Machine Translation Without the Translation

Lingua Franca 2013-05-31

I have been ruminating this month on why natural language processing (NLP) still hasn’t arrived, and I have pointed to three developments elsewhere that seem to be discouraging its development. First, enhanced keyword search via Google’s influentiality-ranking of results. Second, the dramatic enhancement in applicability of speech recognition that dialog design facilitates. I now turn to a third, which has to do with the sheer power of number-crunching.

Machine translation is the unclimbed Everest of computational linguistics. It calls for syntactic and semantic analysis of the source language, mapping source-language meanings to target-language meanings, and generating acceptable output from the latter. If computational linguists could do all those things, they could hang up the “mission accomplished” banner.

What has emerged instead, courtesy of Google Translate, is something utterly different: pseudotranslation without analysis of grammar or meaning, developed by people who do not know (or need to know) either source or target language.

The trick: huge quantities of parallel texts combined with massive amounts of rapid statistical computation. The catch: low quality, and output inevitably peppered with howlers.

Of course, if I may purloin Dr Johnson’s remark about a dog walking on his hind legs, although it is not done well you are surprised to find it done at all. For Google Translate’s pseudotranslation is based on zero linguistic understanding. Not even word meanings are looked up: The program couldn’t care less about the meaning of anything. Here, roughly, is how it works.

Imagine you have a huge quantity of English text paired with French text that happens to say the same thing. The records of everything ever said in the Canadian Parliament, say, or the complete Harry Potter novels in the original and the French translation. Assume that you can automatically align them, at least approximately, by reference to sentence boundaries, and perhaps some phrase and word boundaries. Get a computer program to construct a gigantic database containing facts of roughly this sort:

French vin n’est tends to align with English wine isn’t, probability = p₁
French vin blanc tends to align with English white wine, probability = p₂
French bon marché tends to align with English cheap, probability = p₃
French avait marché tends to align with English had walked, probability = p₄
French fait rien tends to align either with English doesn’t matter (probability = p₅) or with does nothing (probability = p₆)

And so on. Impagine literally billions of facts like this at your disposal, in a huge database that you can search at lightning speed.

Now write a computer program that takes English text as input and gives as output whatever French word sequence averages out with the highest p_i values (the alignment probabilities).
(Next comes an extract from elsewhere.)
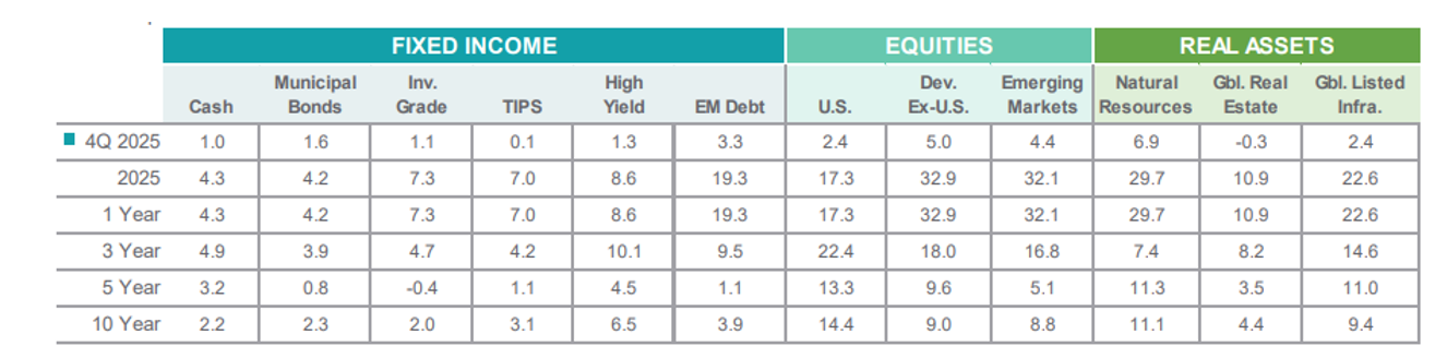 With respect to reliability, investors flocked to commodities that offer security. The price of gold soared in Q4, reaching an all-time high of around $4,550 per troy ounce on December 26. In times of macroeconomic and geopolitical uncertainty, gold is typically viewed as a hedge against inflation. Gold preserves its value due to its finite amounts and unique attributes. Investors fled to gold in 2025, leading to all-time-high prices. In fact, natural resources were the highest earner for investors in Q4 2025 at 6.9%, with developed nations coming in second at 5% (see chart above).

Forget all about meanings and structures of words and phrases and sentences, that’s oldthink; just find the best guess at a suitable French word sequence, based on the odds of alignment probabilities.

The errors attendant on this kind of pseudotranslation via gambling can be hilarious. A single Language Log post reports on a BBC TV show with a gravestone stating in Hebrew that the deceased was “pickled at great expense”; a Malaysian government edict banning “clothes that poke eye”; and an Israeli drink with a label promising that it contains no foreskin.
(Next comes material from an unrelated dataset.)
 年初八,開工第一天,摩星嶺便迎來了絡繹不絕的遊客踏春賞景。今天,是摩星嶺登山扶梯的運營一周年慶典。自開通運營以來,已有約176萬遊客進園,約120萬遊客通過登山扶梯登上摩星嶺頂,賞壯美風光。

Unsupervised Google translation into English from Chinese yields some really spectacular howlers (browse some of Victor Mair’s posts on Language Log to see hundreds of examples, from the baffling lie fallow small and pave to the unpalatable-sounding fungus gnat turnovers).
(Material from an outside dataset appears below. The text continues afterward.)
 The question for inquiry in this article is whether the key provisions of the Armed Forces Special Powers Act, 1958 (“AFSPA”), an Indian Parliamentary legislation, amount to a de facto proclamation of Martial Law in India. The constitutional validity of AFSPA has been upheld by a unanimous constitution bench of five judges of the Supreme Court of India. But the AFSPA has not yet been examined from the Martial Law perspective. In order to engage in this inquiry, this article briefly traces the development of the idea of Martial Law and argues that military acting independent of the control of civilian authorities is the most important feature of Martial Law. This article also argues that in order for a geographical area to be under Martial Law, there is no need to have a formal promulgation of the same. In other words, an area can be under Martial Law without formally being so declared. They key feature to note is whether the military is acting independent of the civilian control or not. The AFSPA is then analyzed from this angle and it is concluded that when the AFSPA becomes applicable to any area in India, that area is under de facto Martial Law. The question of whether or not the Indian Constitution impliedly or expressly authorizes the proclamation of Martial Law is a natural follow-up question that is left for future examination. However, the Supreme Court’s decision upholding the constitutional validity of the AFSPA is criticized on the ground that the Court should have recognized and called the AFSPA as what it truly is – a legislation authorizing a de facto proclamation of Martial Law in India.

And to those who think it is distasteful to mock Chinglish, I can only say that it is by no means just the Chinese whose troubles with statistical translation have made me giggle. Spanish too yields much unintentional hilarity: a restaurant offering a dish called attacked of elvers; a condominium development constructed with armed structure and crystals; etc.

People print such howlers every day. And the program itself can hardly help: It ignores meaning, grammar, words, content, logic, plausibility, facts, geography, and common sense, and focuses obsessively on working out odds of co-alignment.

Although we are aware that Google Translation has let us down before and we shouldn’t trust it, with nowhere else to turn, we use it anyway. And it does prove useful sometimes (I use it too).

My conjecture is that it is useful enough to constitute one more reason for not investing much in trying to get real NLP industrially developed and deployed.

NLP will come, I think; but when you stake into account the ready availability of (1) Google search, and (2) speech-driven applications aided by dialog design, and (3) the statistical pseudotranslation briefly discussed above, the cumulative effect is enough to reduce the pressure to develop NLP, and will probably delay its arrival for another decade or so.